Assigned task: Begin with the opening line of the records and extract each line through the one holding "Featuring a gold"; pictures are not part of the copy.

Dataset records

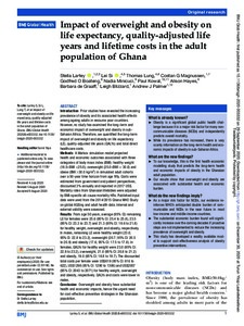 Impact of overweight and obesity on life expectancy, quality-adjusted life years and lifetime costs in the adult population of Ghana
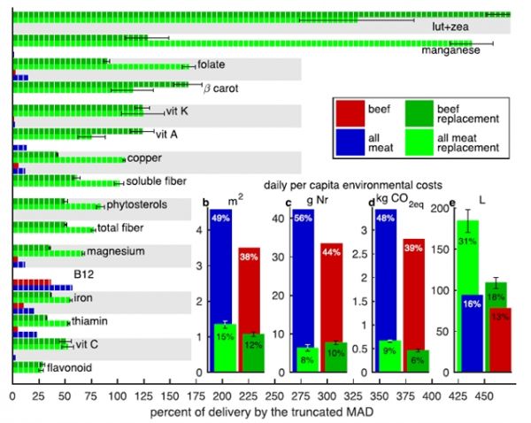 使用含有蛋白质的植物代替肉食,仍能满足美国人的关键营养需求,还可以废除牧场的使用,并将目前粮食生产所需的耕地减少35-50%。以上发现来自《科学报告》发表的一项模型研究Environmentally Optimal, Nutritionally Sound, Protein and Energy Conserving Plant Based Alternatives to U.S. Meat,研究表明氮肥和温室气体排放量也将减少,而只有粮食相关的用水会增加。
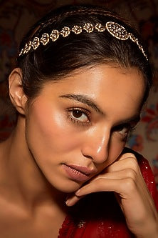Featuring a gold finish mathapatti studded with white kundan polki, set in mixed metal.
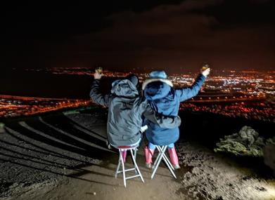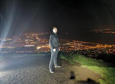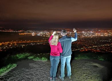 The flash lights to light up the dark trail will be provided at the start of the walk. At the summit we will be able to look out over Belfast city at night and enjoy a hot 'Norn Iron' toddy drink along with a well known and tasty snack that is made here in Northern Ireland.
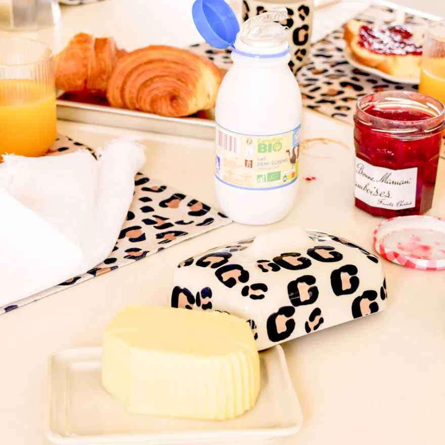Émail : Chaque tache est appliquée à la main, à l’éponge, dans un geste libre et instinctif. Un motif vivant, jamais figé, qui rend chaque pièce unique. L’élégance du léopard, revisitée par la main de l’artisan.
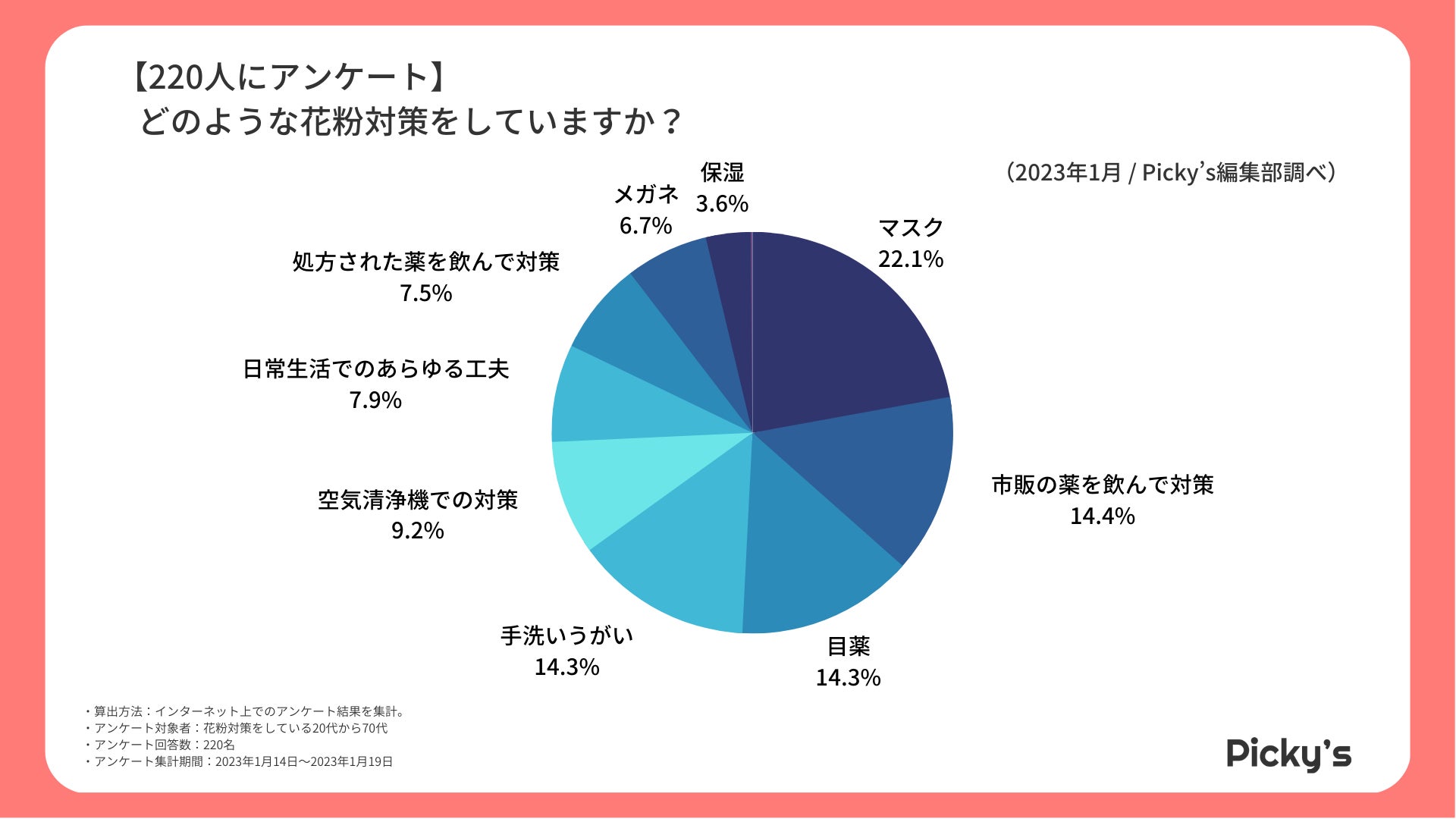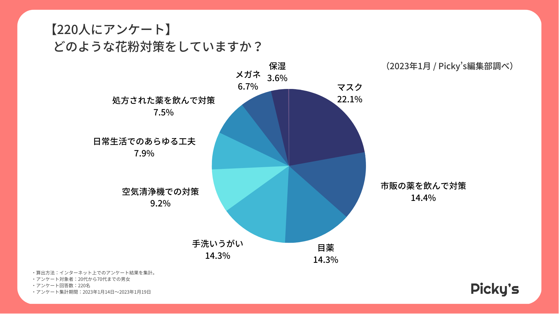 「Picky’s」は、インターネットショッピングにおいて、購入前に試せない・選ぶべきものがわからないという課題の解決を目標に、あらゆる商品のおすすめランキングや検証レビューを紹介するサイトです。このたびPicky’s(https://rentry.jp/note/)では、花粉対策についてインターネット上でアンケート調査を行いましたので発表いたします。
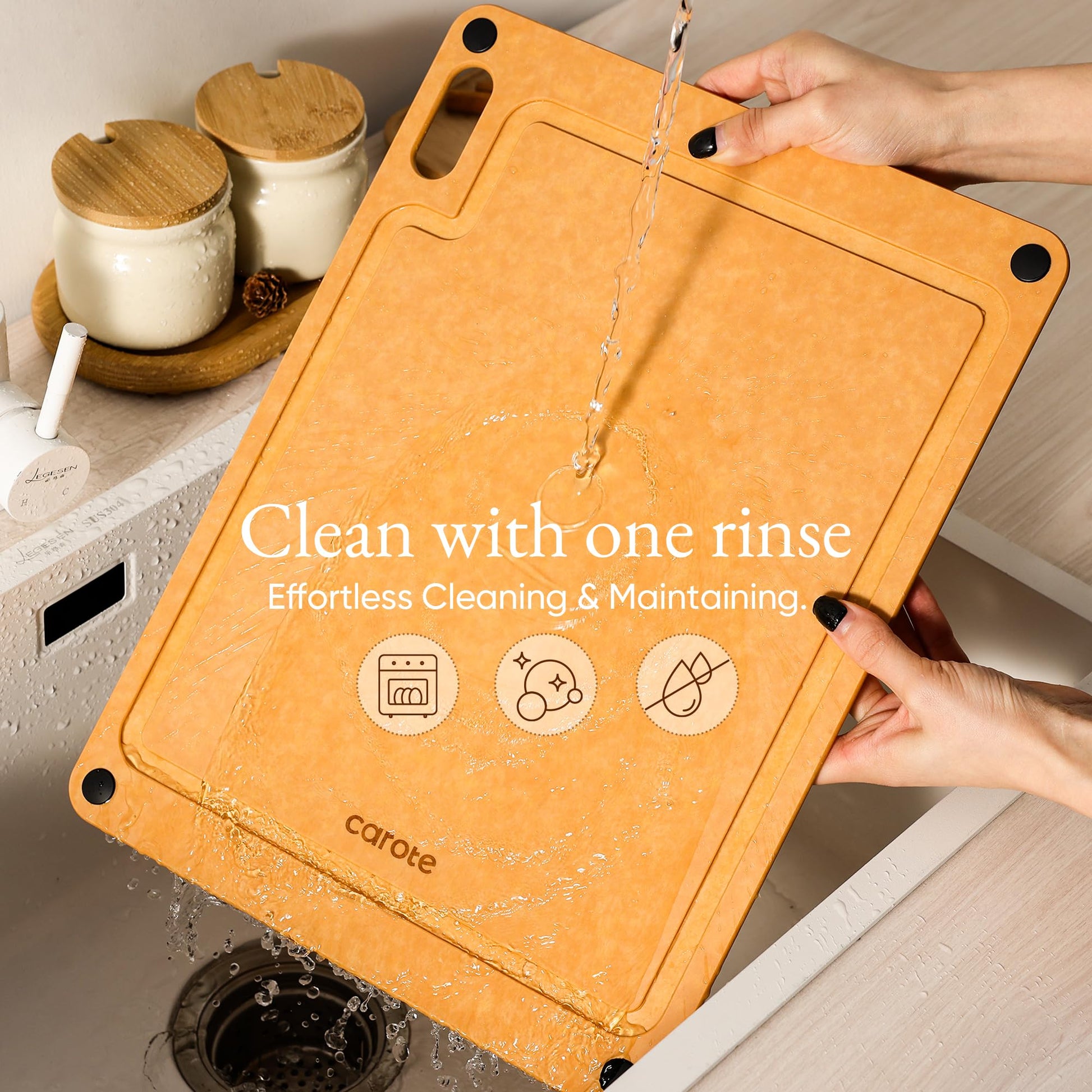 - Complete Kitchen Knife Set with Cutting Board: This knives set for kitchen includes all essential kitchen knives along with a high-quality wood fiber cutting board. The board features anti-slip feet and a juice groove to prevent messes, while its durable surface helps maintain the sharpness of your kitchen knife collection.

Your response:
 Impact of overweight and obesity on life expectancy, quality-adjusted life years and lifetime costs in the adult population of Ghana
 使用含有蛋白质的植物代替肉食,仍能满足美国人的关键营养需求,还可以废除牧场的使用,并将目前粮食生产所需的耕地减少35-50%。以上发现来自《科学报告》发表的一项模型研究Environmentally Optimal, Nutritionally Sound, Protein and Energy Conserving Plant Based Alternatives to U.S. Meat,研究表明氮肥和温室气体排放量也将减少,而只有粮食相关的用水会增加。
Featuring a gold finish mathapatti studded with white kundan polki, set in mixed metal.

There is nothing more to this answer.